19 mai, 2018 • Opinião de Francisco Sarsfield Cabral


A ética tem que estar presente em praticamente tudo o que envolva corrupção. E a Doutrina Social da Igreja dá contributos valiosos para o combate pela moralização económica e financeira.

Há dias, a Congregação para a Doutrina da Fé publicou um documento sobre produtos financeiros. Há quem se interrogue: o que tem a ver a Igreja Católica com as questões financeiras? Pois não insiste a Igreja, a vários níveis, que não lhe cabe apresentar soluções políticas ou técnicas?

A Igreja pode e deve analisar os problemas sociais, económicos e financeiros do mundo atual numa perspetiva ética. A Doutrina Social da Igreja (DSI) é teologia moral. Mas dirige-se a todos, crentes e não crentes. Naturalmente que aos católicos cabe a responsabilidade de prestar atenção ao que diz a DSI; já os não crentes, se quiserem, encontram ali inspiração para trabalhar no sentido de um mundo mais humano.

Deve dizer-se que muitos católicos ignoram, mais ou menos deliberadamente, a DSI. Encaram-na como um conjunto de votos piedosos, sem grande ligação às duras realidades da vida financeira e económica. Por exemplo, houve quem se escandalizasse com afirmações do Papa Francisco, que afinal mais não eram do que conselhos da DSI – ditos de forma direta e frontal, como é habitual neste Papa.

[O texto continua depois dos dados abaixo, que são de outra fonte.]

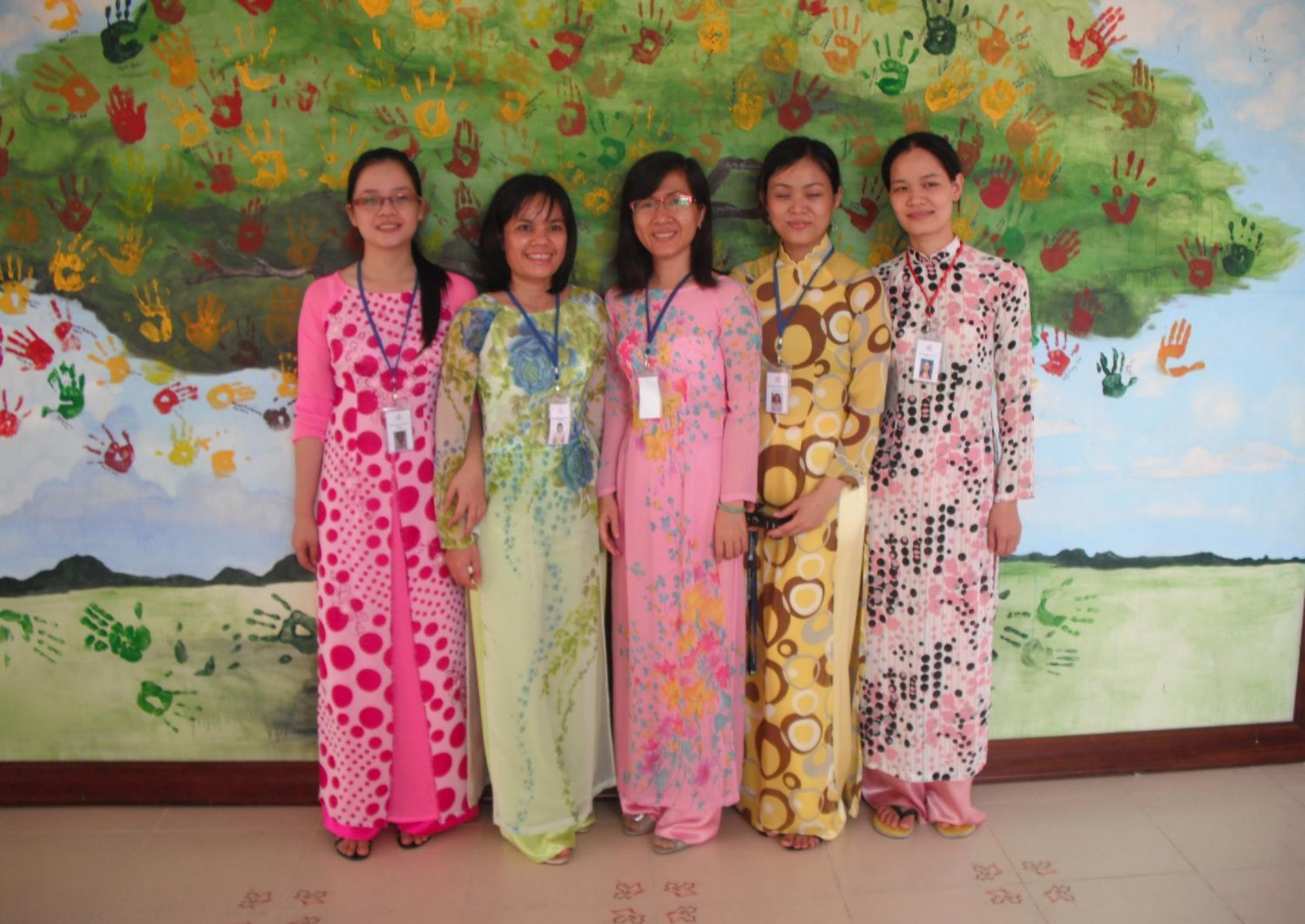
Teachers of Vietnamese Culture & Language

Por outro lado, historicamente a DSI surgiu tarde. A primeira – e excelente - encíclica social, a “Rerum Novarum”, de Leão XIII, é de 1891. Nessa altura a revolução industrial já levava um século no Reino Unido. O que afastou do cristianismo grande parte dos operários, vítimas de grande exploração e de terríveis condições de trabalho ao longo do séc. XIX.

DSI pioneira

Nas últimas décadas, porém, a situação inverteu-se, pois documentos que, desde o Concílio Vaticano II, a Igreja Católica tem publicado na área económica, financeira e política podem considerar-se pioneiros na denúncia de situações eticamente inaceitáveis e no apontar de pistas de solução. Um exemplo: a constituição pastoral do Vaticano II “Gadium et Spes” recordou “o valor permanente do direito internacional e dos seus princípios universais”. E exigiu instituir “uma autoridade pública universal, reconhecida por todos, com poder eficaz para garantir a segurança, a observância da justiça e o respeito dos direitos”.

No centenário da “Rerum Novarum”, em 1991, João Paulo II escreveu na encíclica “Centesimus Annus”: “Hoje está-se a verificar a denominada ‘mundialização da economia’, fenómeno este que não deve ser desprezado, porque pode criar ocasiões extraordinárias de maior bem-estar. Mas é sentida uma necessidade cada vez maior de que, a esta crescente internacionalização da economia, correspondam válidos organismos internacionais de controlo e orientação, que encaminhem a economia para o bem comum, já que nenhum Estado por si só, ainda que fosse o mais poderoso da terra, seria capaz de o fazer”.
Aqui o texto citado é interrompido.